You will cull the weak ones out right away. 

Run a load that draws the same amps as your loco. 

Regards, Greg


----------



## izzy0855 (Sep 30, 2008)

Actually, the best way to tell how much time or milliamps you have left on each battery is to put an analyzer on it. An analyzer will charge and discharge each battery-pack three times and will measure the amps draw and display that on a digital readout. Your local battery store can test each battery for you for, or you can send it to us and we can do the same. 

Rick Isard 
Cordless Renovations


----------



## Greg Elmassian (Jan 3, 2008)

not bad way, but you want a analyzer that does draw the current you want. 

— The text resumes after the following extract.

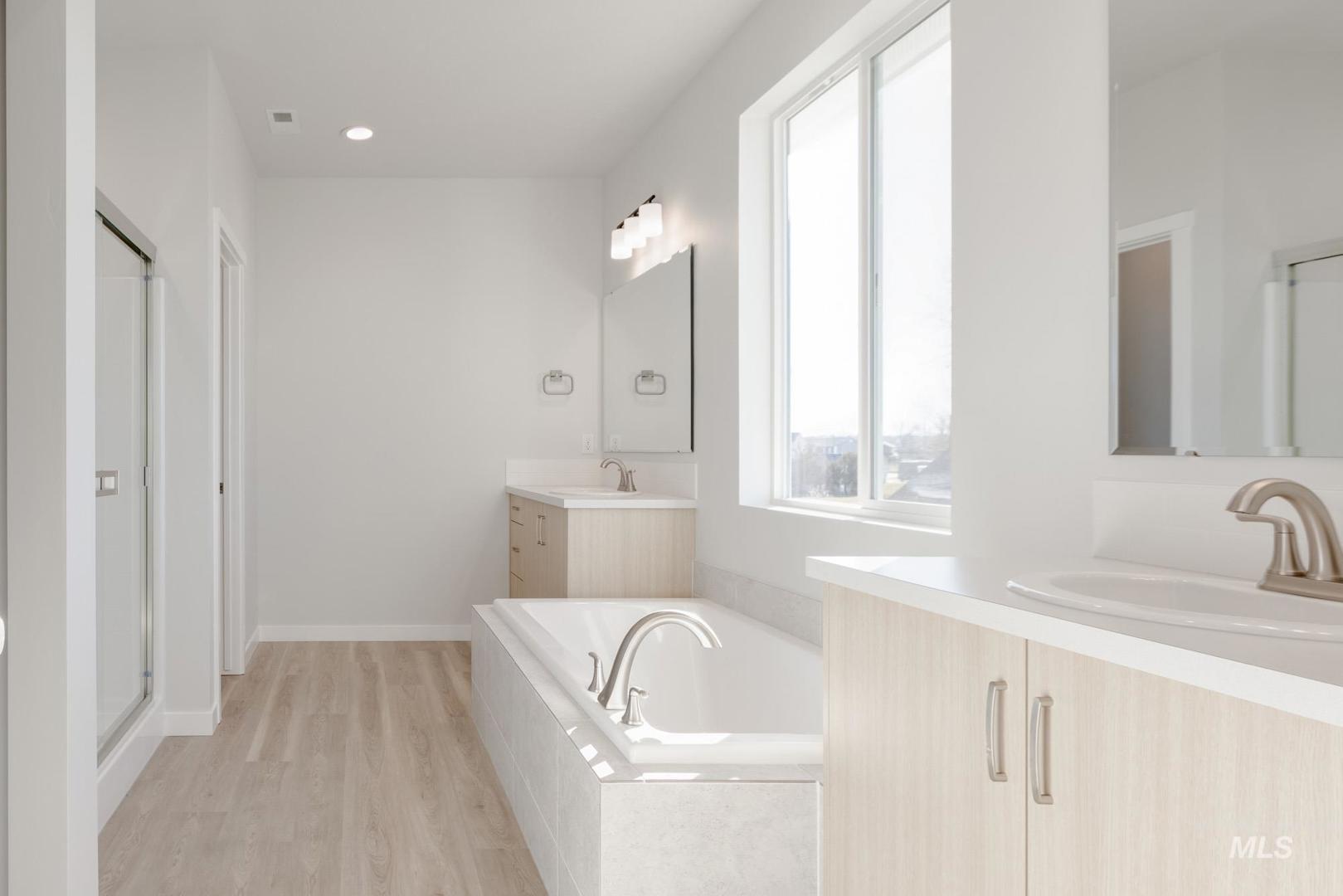 Tour the furnished model at 7260 E Marble Springs Dr. Open Saturdays 12:30-4 PM (closed the last Saturday of each month). This new home located in beautiful Nampa, Idaho has all the comforts you need & more! The Ponderosa 3937 floorplan is ideal for multi-generational living, offering dual primary suites, one on the main level and another upstairs, each designed for comfort and privacy. A striking 17’ entryway makes a bold statement, with an upstairs hallway overlooking the foyer below. Secondary bedrooms are thoughtfully positioned with two additional full baths upstairs, perfect for guests. The great room flows effortlessly to the patio for seamless indoor-outdoor living, and the kitchen shines as a central hub for everyday meals or entertaining. The upstairs primary suite features a dual walk-in closet and a soaker tub. Premium storage is found throughout the home. ** PHOTOS ARE OF ACTUAL HOME**. All selections are subject to change without notice, please call to verify.

Something that flexible is pretty expensive... 

Regards, Greg


----------



## izzy0855 (Sep 30, 2008)

Hello Greg, 

Sorry for not getting back toyou sooner...but, yes that is correct...all of our analyzer that we manufacture you can set the voltage and how many amps you would like to draw out of the battery...but to get a true mah reading, usually a 1amp draw is sufficient. 

Rick Isard 
Cordless Renovations


----------



## Del Tapparo (Jan 4, 2008)

Rick - In looking at your web site, I see no mention of battery analyzers; even did a search. Where might we find info on these? Do you manufacture them in Cedar Rapids?


----------



## Greg Elmassian (Jan 3, 2008)

Very nice Rick, did not see that the current draw was also settable... could you email me a manual? I'm interested in your charger, I have a Maha, but always looking for something better, yours is a bit more "controllable" it seems. 

Regards, Greg


----------



## izzy0855 (Sep 30, 2008)

Hello Del, our analyzers are manufactured by Battery-Tech Central...that is the parent of Cordless Renovations (Both companies are in the same family...Father & Son) and you can see our three & six station analyzers @ www.batterytechcentral.com. We are currently rebuilding Cordless Renovations website, so within the next month you will see a revamping of the site with several new categories including chargers & analyzers. It will be easier to navigate around in. 

Hello Greg, not a problem...visit www.batterytechcentral.com to view information and pricing. 

Rick Isard 
Cordless Renovations


----------



## izzy0855 (Sep 30, 2008)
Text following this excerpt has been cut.